This access condition allows a user of the group :ExampleUserGroup to add a new access condition granting write access to any graph with a URI starting with http://example.org/, as for example:

@prefix : <https://ns.eccenca.com/> .
@prefix eccauth: <https://vocab.eccenca.com/auth/> .

:NewAccessCondition a eccauth:AccessCondition ;
  eccauth:writeGraph <http://example.org/ExampleGraph> ;
.
CODE

Refer to section Authorization and authentication management API of the Developer Manual for more information on the functionality and restrictions of this feature.

Public access

DataPlatform allows public (unauthenticated) access.

Therefore the application uses a specific user group - the public group (urn:elds-backend-public-group) - which any user belongs to including unauthenticated/anonymous user. To configure the URI of the public group use the property authorization.abox.publicGroup.

To define publicly available graphs and/or actions you need to declare an access condition which requires the public group. Furthermore, you can define additional requirements for the public group like the restriction to a specific endpoint.

@prefix : <https://ns.eccenca.com/> .
@prefix eccauth: <https://vocab.eccenca.com/auth/> .

:PublicAccessCondition a eccauth:AccessCondition ;
  eccauth:requiresGroup <urn:elds-backend-public-group> ;
  eccauth:readGraph :PublicGraph ;
.

:PublicAccessConditionExampleEndpoint a eccauth:AccessCondition ;
  eccauth:requiresEndpointId "exampleEndpoint" ;
  eccauth:requiresGroup <urn:elds-backend-public-group> ;
  eccauth:readGraph :ExampleGraph ;
.
CODE

In the example shown above, any user can read the graph :PublicGraph in every configured endpoint without further limitations (as stated by :PublicAccessCondition). Additionally, any user can read the graph :ExampleGraph of the endpoint exampleEndpoint.

eLDS Auth schema ontology

The eLDS Auth schema ontology is a vocabulary for context-sensitive authorization of RDF named graphs and arbitrary actions. You can use it to create access conditions defining requirements which must be fulfilled to get certain grants. The delegation of grants is based on a whitelist. That means a user is granted if the conjunction of requirements of an access condition is fulfilled.
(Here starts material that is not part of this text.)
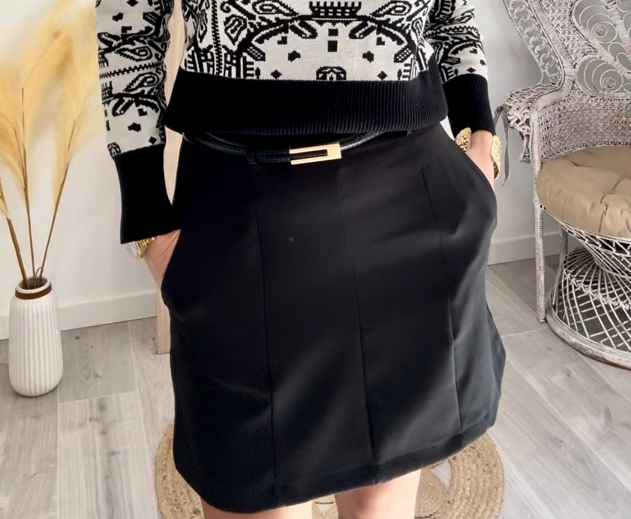 Jupe noire en tissu fin, 2 poches avant, fermeture éclair arrière, passant pour ceinture.

In the case of DataPlatform the vocabulary is utilized to grant read and write access to RDF named graphs and to allow the execution of actions.

Namespace

https://vocab.eccenca.com/auth/

Preferred prefix

eccauth

Example usage

The following example shows how to use the vocabulary to grant access to an RDF named graph:

@prefix : <https://ns.eccenca.com/> .
@prefix eccauth: <https://vocab.eccenca.com/auth/> .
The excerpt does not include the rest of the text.